Torvalds Still Calls the "Hey Hi" (AI) Bluff, Some People Are Upset
[Some photos via Saritrat Jirakulphondchai]
So Torvalds got asked about "hey hi" again (of course, hard to escape mindless hype and cargo cults that game the stock market). Today it's Linux's birthday, so what better time to examine what he said?
Here is what he said, based on rants from those watching/attending: "I realize that you can use AI today to write JavaScript or Python and things like that, but we're not at the point where AI is yet helping us find bad patterns in the kernel source code. But there are people working on that, and I'm actually optimistic about it. I'm not so much interested in AI writing code. I'm much more interested in it finding bugs proactively and doing code review, helping maintainers and developers run better code.

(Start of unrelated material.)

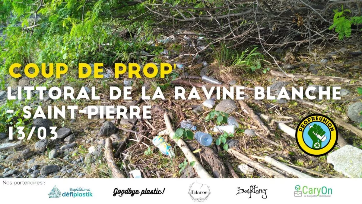 En ce mois de mars 2022, l’association PropRéunion organisera son 18ème Coup de Prop’ sur le Littoral de la Ravine Blanche à Saint-Pierre ce dimanche 13/03/2022 de 8h30 à 11h. Cette opération est a l’initiative d’un adhérent du Sud de l’Ile qui voulait agir face à la pollution de son quartier. C’est la première fois que PropRéunion mènera une opération Coup de Prop’ à Saint-Pierre.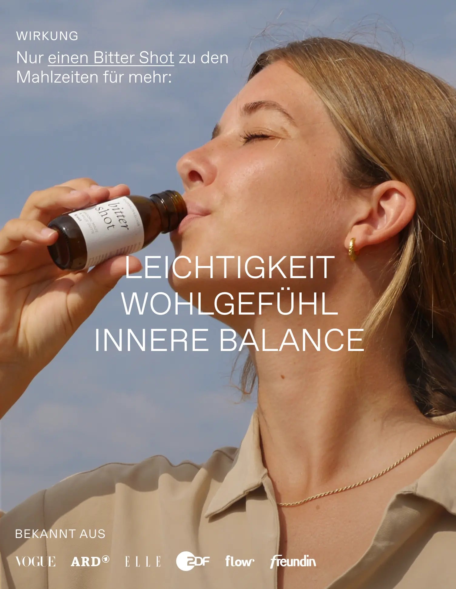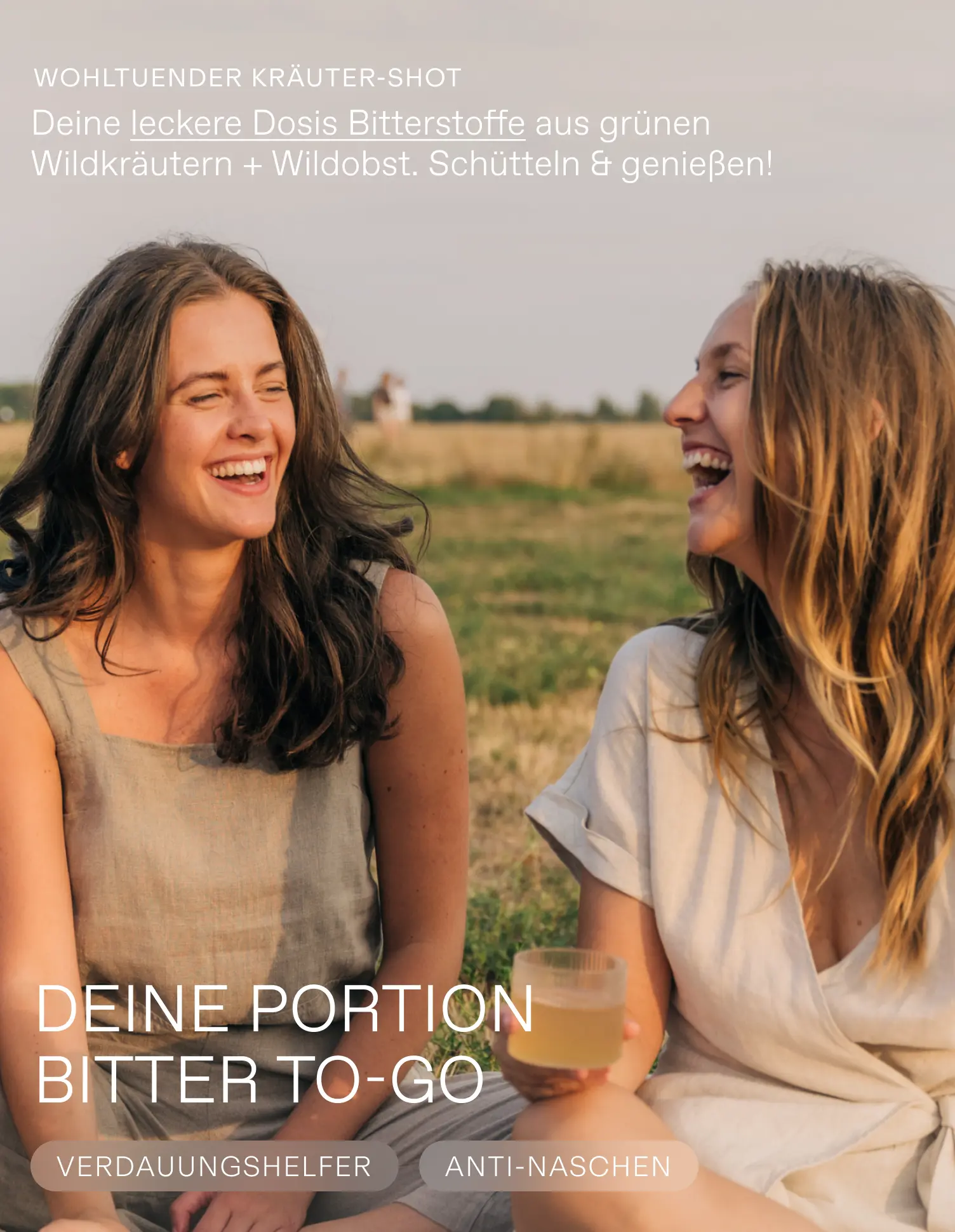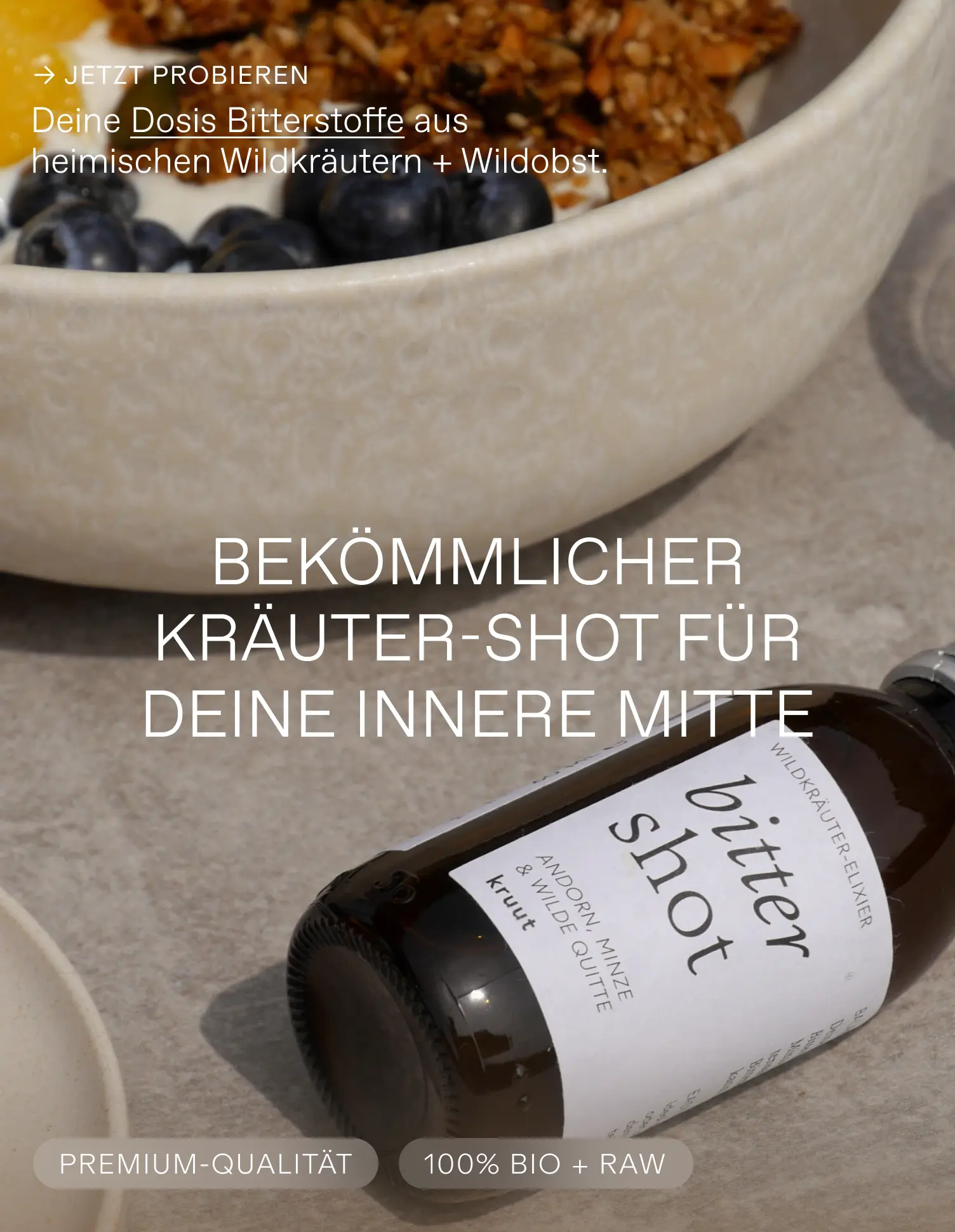 - Wildkräuter-Shot mit wertvollen Bitterstoffen. Fruchtig-herbe Erfrischung zum Essen – Adios Naschen!

And I think we will get there, but we're not there yet. [...] What I've been hoping for – and I've been talking to a couple of people from big companies that I won't name – is not the traditional LLM that just predicts what you're doing, but something that hopefully takes the kernel source code history and other projects into account and learns what good code patterns are, and red flags things that it says look suspicious. However, right now, most of the tools are at the ‘fairly obvious’ stage, and I think AI can do better. But it's probably not commercially the number one priority for AI companies. So, we'll just have to see what happens. [With AI it’s] what's the big vision? And things like that. But I've never had a big vision. And I don't want to have them! I associate visions with drugs and mental issues. I see myself as a plugging engineer, and I'm proud of that. I don't like that much vision for the future of open source!"
There are some photos too, but no "official" video yet. The Linux Foundation can take over a month to publish one.